_Work instruction:_ A word-for-word copy of the lines below, starting at the line with "For the information" and ending at the last one, is what you should give. Omit every picture.

_Exercise inputs:_
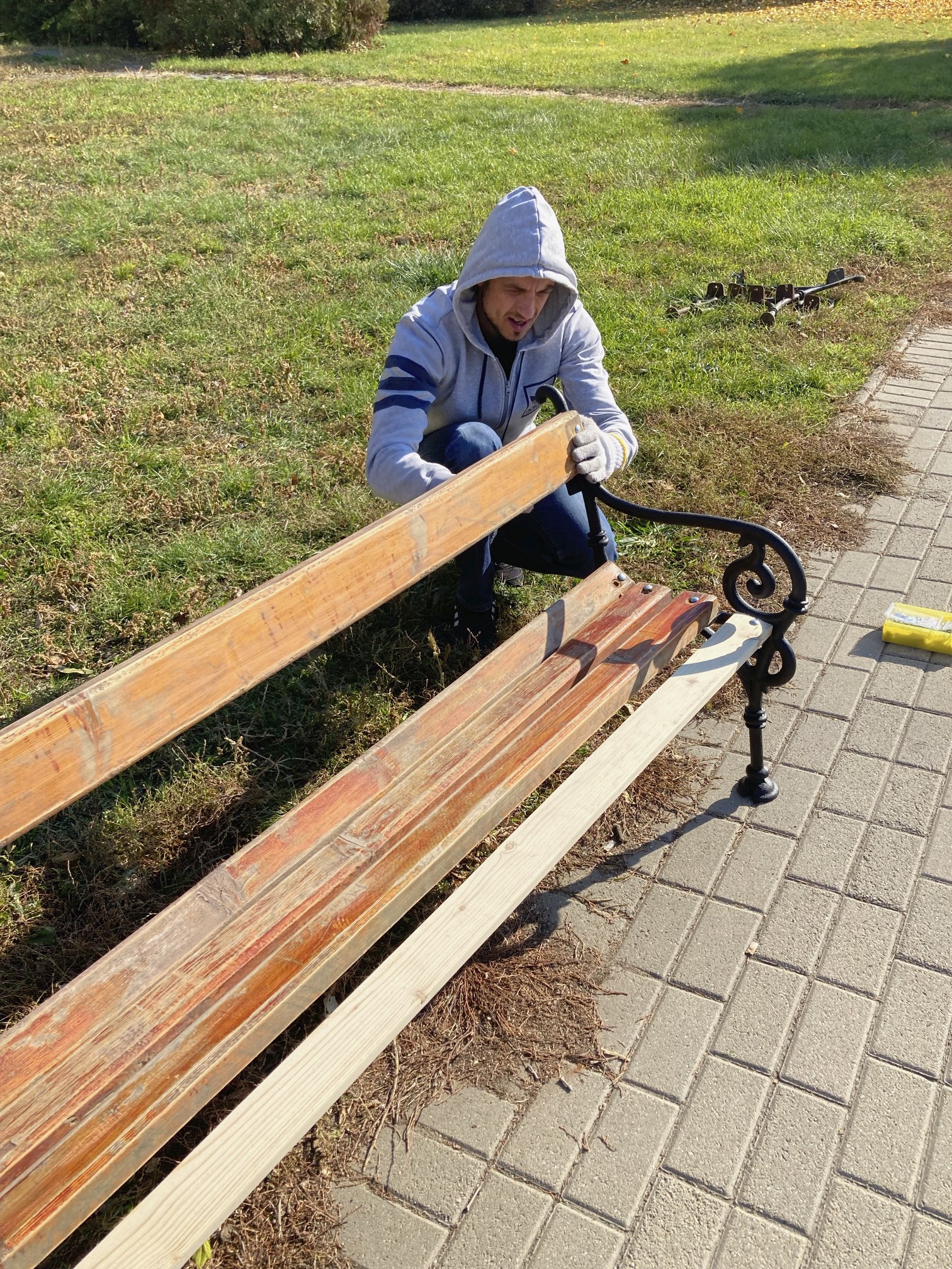 Először szétszedtük a buszmegállóban álló padot, és a hiányos karfa részt kicseréltük egy újra. A léceket lecsiszoltuk, visszacsavaroztuk, majd lefestettük. Egyelőre még ragad, száradnia kell: tettünk rá feliratot, hogy a hétvégén semmiképpen se üljön rá senki, mert megfoghatja a ruháját a festék.
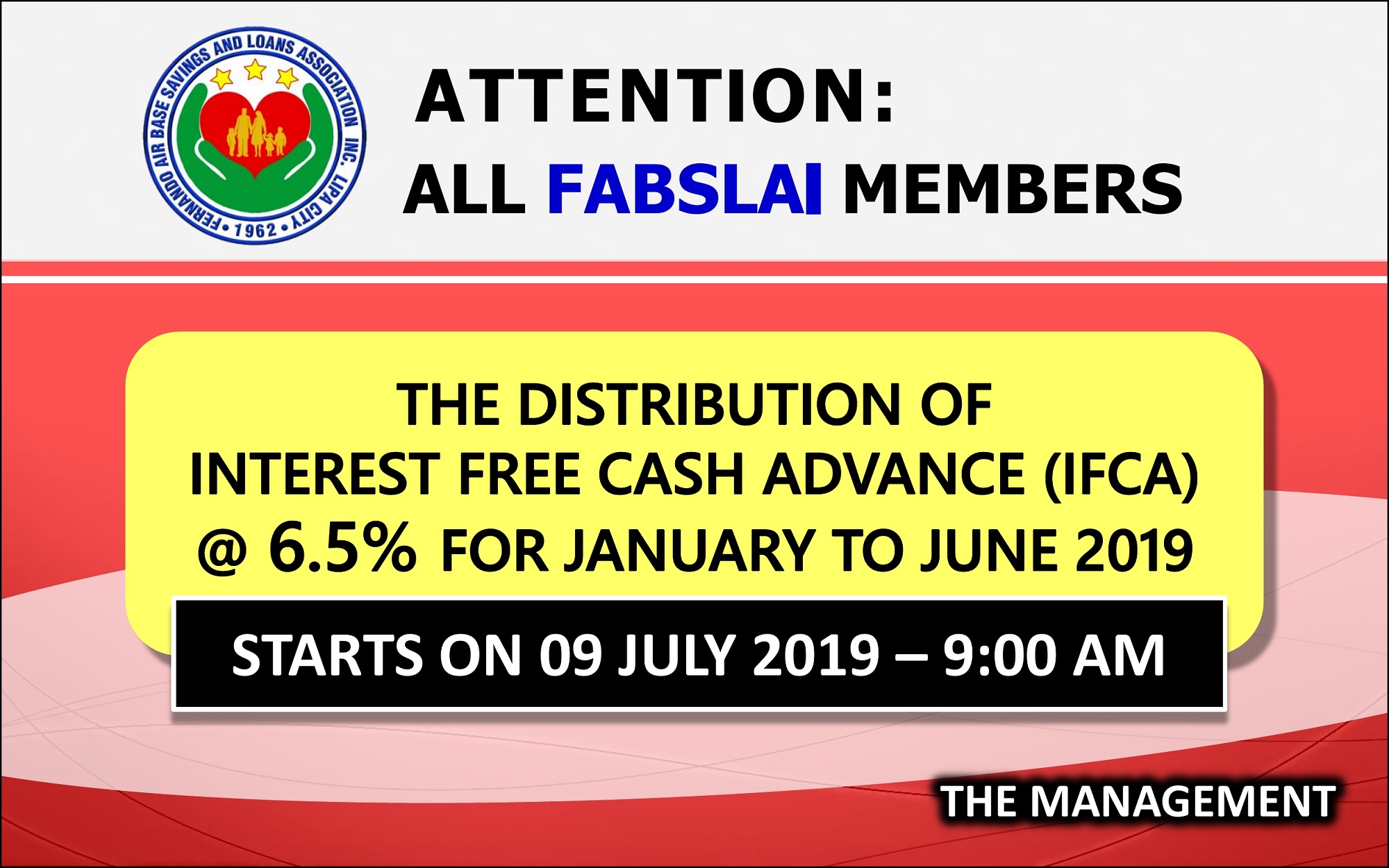 For the information of all FABSLAI members. Our Special Savings Deposit (SSD) will be closed effective December 2, 2019. Thank you and God bless....
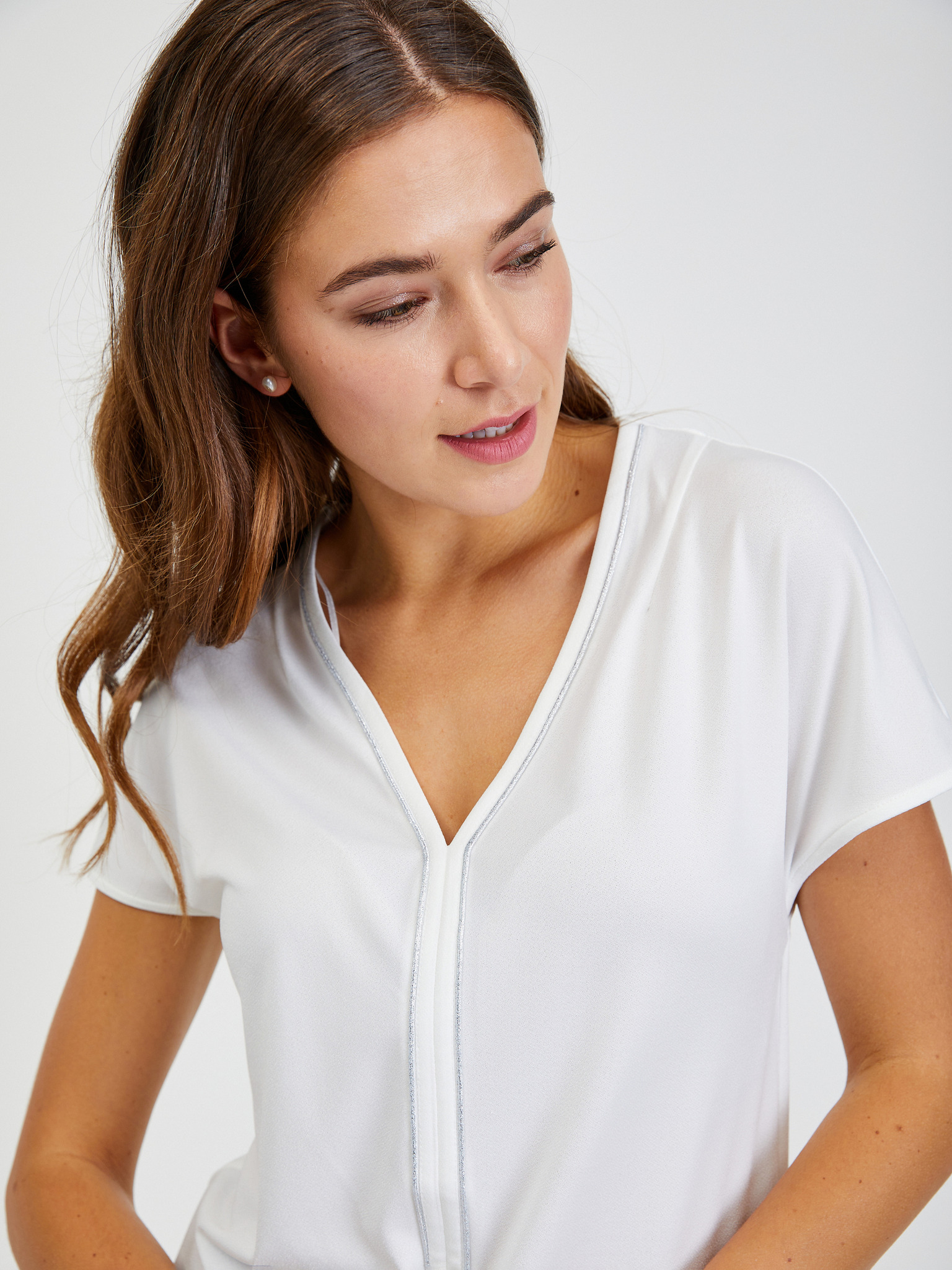 Dámské tričko se zdobeným výstřihem – bílé
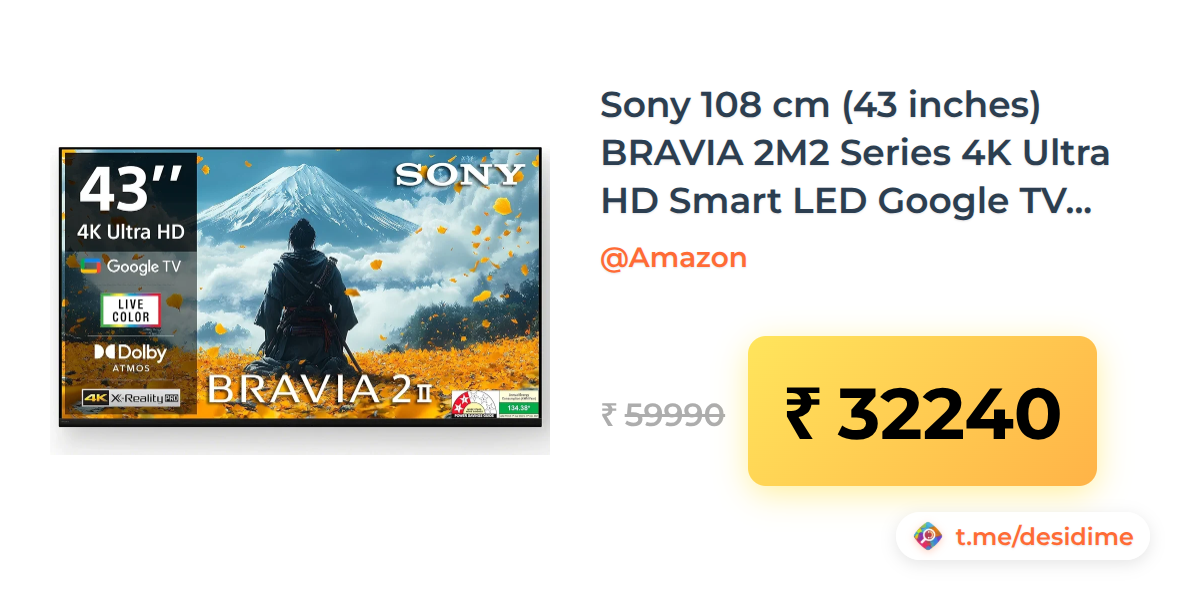 46% off on - Sony 108 cm (43 inches) BRAVIA 2M2 Series 4K Ultra HD Smart LED Google TV K-43S22BM2 - Rs. 32240
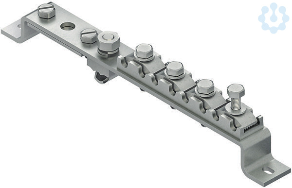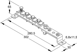 Potentialausgleichsschiene, ohne Abdeckung, zur Sicherstellung des Potentialausgleichs nach DIN VDE 0100 Teile 410/540 und den Blitzschutzpotentialausgleich nach DIN VDE 0185. Abmessungen (ca. Maße) H x B x L : 65 x 30 x 302 mm Anschlussmöglichkeiten : 8 x 4 -25 mm² 1 Bandeisen bis 40 x 4 mm 1 Rundleiter Ø 8 - 10 mm Werkstoff Schiene und Klemmlasche : Stahl, tauchverzinkt Werkstoff Anschlußklemme : Zinkdruckguss Werkstoff Druckstück und Klemmplatte : Stahlguß, tauchfeuerverzinkt Werkstoff Schrauben und Muttern : Stahl, verzinkt
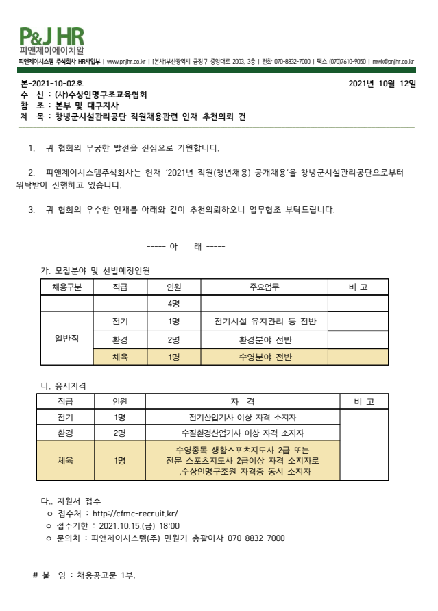 구인 창녕군시설관리공단 페이지 정보 작성자 총무부 댓글 0건 조회 2,811회 작성일 21-10-12 10:14 본문 채용공고 첨부파일 채용공고_창녕군시설관리공단.pdf (44.0K) 31회 다운로드 | DATE : 2021-10-12 10:14:21 목록 답변 글쓰기 이전글(완료)채용공고 21.10.13 다음글아이푸른어린이수영장 청주 지웰점 21.09.14 댓글목록 댓글목록 등록된 댓글이 없습니다.
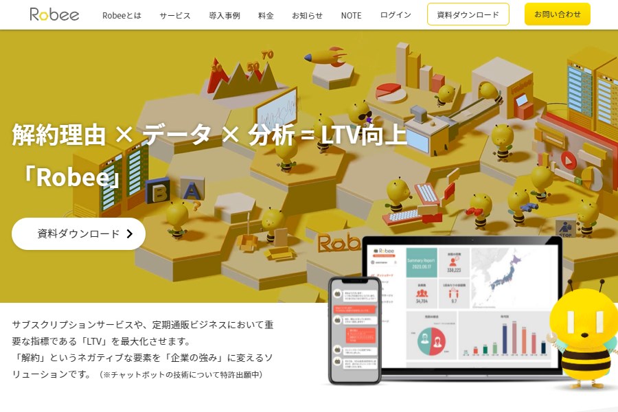 「Robee」は、既存ユーザーの解約理由から企業課題を発見・解決することで、解約防止やコンバージョン率向上を目指すWeb接客ツールです。「解約防止」と「Web接客」という2種類のサービスが用意されており、既存顧客の維持と新規顧客の獲得に向けた施策を同時に進められます。
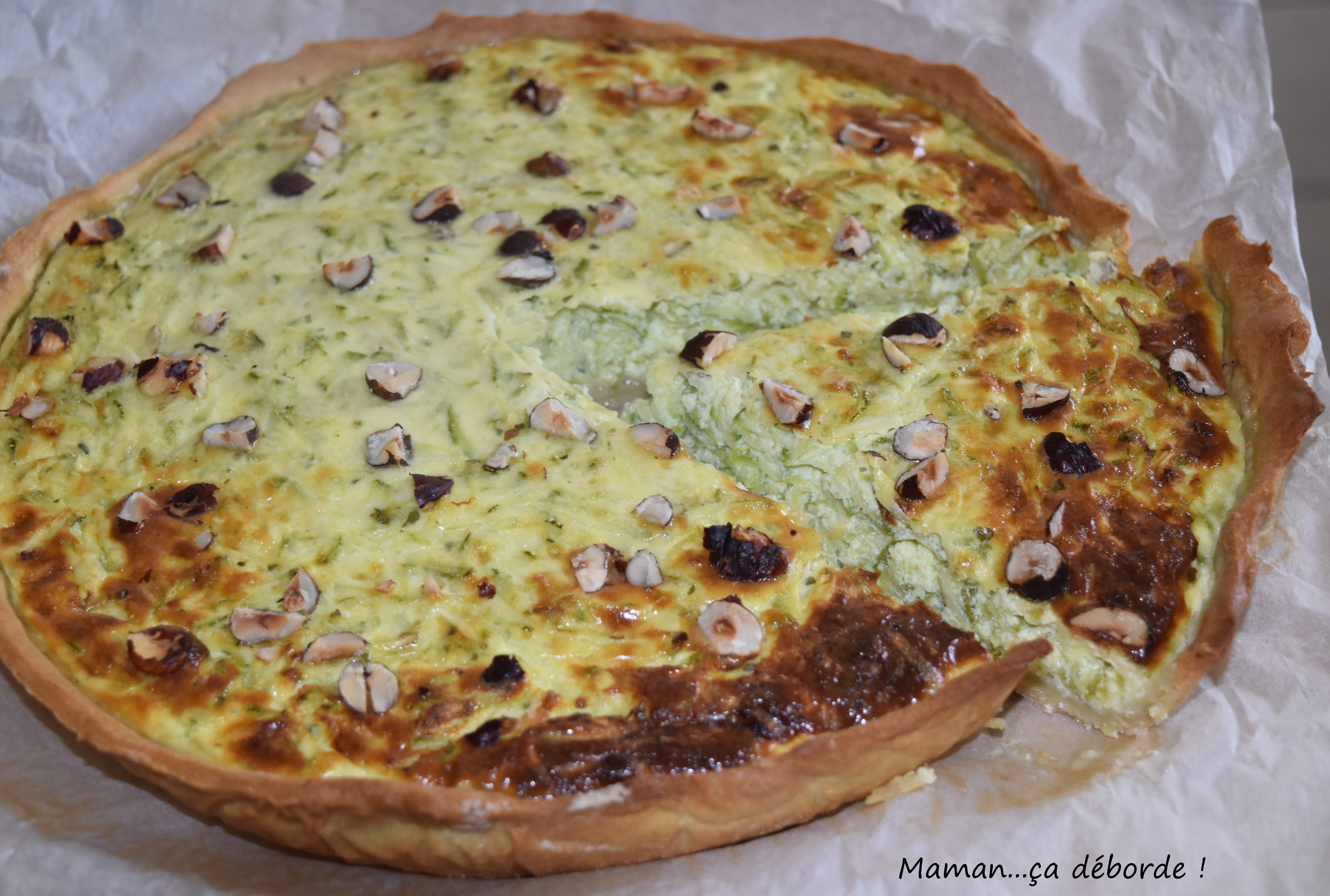 Hachez grossièrement vos noisettes puis parsemez la quiche.

_Task answer:_
 For the information of all FABSLAI members. Our Special Savings Deposit (SSD) will be closed effective December 2, 2019. Thank you and God bless....
 Dámské tričko se zdobeným výstřihem – bílé
 46% off on - Sony 108 cm (43 inches) BRAVIA 2M2 Series 4K Ultra HD Smart LED Google TV K-43S22BM2 - Rs. 32240
 Potentialausgleichsschiene, ohne Abdeckung, zur Sicherstellung des Potentialausgleichs nach DIN VDE 0100 Teile 410/540 und den Blitzschutzpotentialausgleich nach DIN VDE 0185. Abmessungen (ca. Maße) H x B x L : 65 x 30 x 302 mm Anschlussmöglichkeiten : 8 x 4 -25 mm² 1 Bandeisen bis 40 x 4 mm 1 Rundleiter Ø 8 - 10 mm Werkstoff Schiene und Klemmlasche : Stahl, tauchverzinkt Werkstoff Anschlußklemme : Zinkdruckguss Werkstoff Druckstück und Klemmplatte : Stahlguß, tauchfeuerverzinkt Werkstoff Schrauben und Muttern : Stahl, verzinkt
 구인 창녕군시설관리공단 페이지 정보 작성자 총무부 댓글 0건 조회 2,811회 작성일 21-10-12 10:14 본문 채용공고 첨부파일 채용공고_창녕군시설관리공단.pdf (44.0K) 31회 다운로드 | DATE : 2021-10-12 10:14:21 목록 답변 글쓰기 이전글(완료)채용공고 21.10.13 다음글아이푸른어린이수영장 청주 지웰점 21.09.14 댓글목록 댓글목록 등록된 댓글이 없습니다.
 「Robee」は、既存ユーザーの解約理由から企業課題を発見・解決することで、解約防止やコンバージョン率向上を目指すWeb接客ツールです。「解約防止」と「Web接客」という2種類のサービスが用意されており、既存顧客の維持と新規顧客の獲得に向けた施策を同時に進められます。
 Hachez grossièrement vos noisettes puis parsemez la quiche.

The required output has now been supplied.